Except Deva's Pushpa-fied tone doesn't have time to brood on the psychological upheavals as it brandishes its swaggering action by the numbers.
Shahid's rippling physicality and unhinged vigour is the only thing that keeps the momentum going in a mediocre rehash dumbed down by flimsy motive and mindless bravado.
Too often Deva's hyper aesthetics feel like a dialled up remake of a Telugu potboiler, forsaking the nuances in the Malayalam school of filmmaking for boisterous song and dance and slow-motion machismo.
For homey touches, Don's title song and Amitabh Bachchan's iconic Deewaar pose aspire to find angry young man echoes in Deva's outdated daddy issues and social complexities.

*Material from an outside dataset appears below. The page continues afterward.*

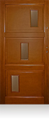 Są to drzwi płycinowe, pełne oraz oszklone szyba zespoloną, izolowane pianką polistyrenową. Płyciny mają wyfrezowane aplikacje wykończeniowe.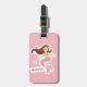 Ein Gepäckanhänger mit einer hübschen Meerjungfrau mit Seestern-Accessoire und einer blauen Muschel. Ein rosa Wellenmuster für den Hintergrund. Personalisieren Sie einfach den Namen des Kindes im dafür vorgesehenen Platz.

Sans the Vijay brand of vulnerability though, Deva's aggression is all the more empty and glaring.
Set inside the Mumbai police, which is portrayed like a dangerously wayward organisation bereft of law and order, the Amar Akbar Anthony of khaki verse -- Dev Ambre (Shahid Kapoor), Farhan Khan (Pravesh Rana) and Rohan DSilva (Pavail Gulati) -- ruffle a shady politician's feathers as well as make a dent in mafia monopoly even as Pooja Hegde checks off the righteous journalist stereotype and obligatory love interest in a bit role.
Whatever little intrigue the movie has to offer kicks off following Dev's amnesia and the mysterious death of a colleague.
As slick and glossy Deva tries to be when not resorting to sloppy VFX for fake looking monsoon or vehicle collisions, its elaborate setup neglects to establish the basics.
Not only does the BFF troika seem unlikely recipients of the Jai-Veeru trophy but even their flimsily conveyed predicament is all too wishy-washy -- be it Deva's hostility stemming from the scars of an ugly past, Rohan's mixed feelings on dishonesty and dosti or Farhan cleaning after his friend's mess.
You'd expect better when the people behind the changes are the creators of the original.
Alas, like many Hindi remakes of acclaimed South movies, a bold, clever, layered thriller takes the shape of a safe playing vanity project.
Quite needless when you already know the extent of Shahid Kapoor's talent.
The only person who needs reminding, in a movie, ironically, about remembering, is him.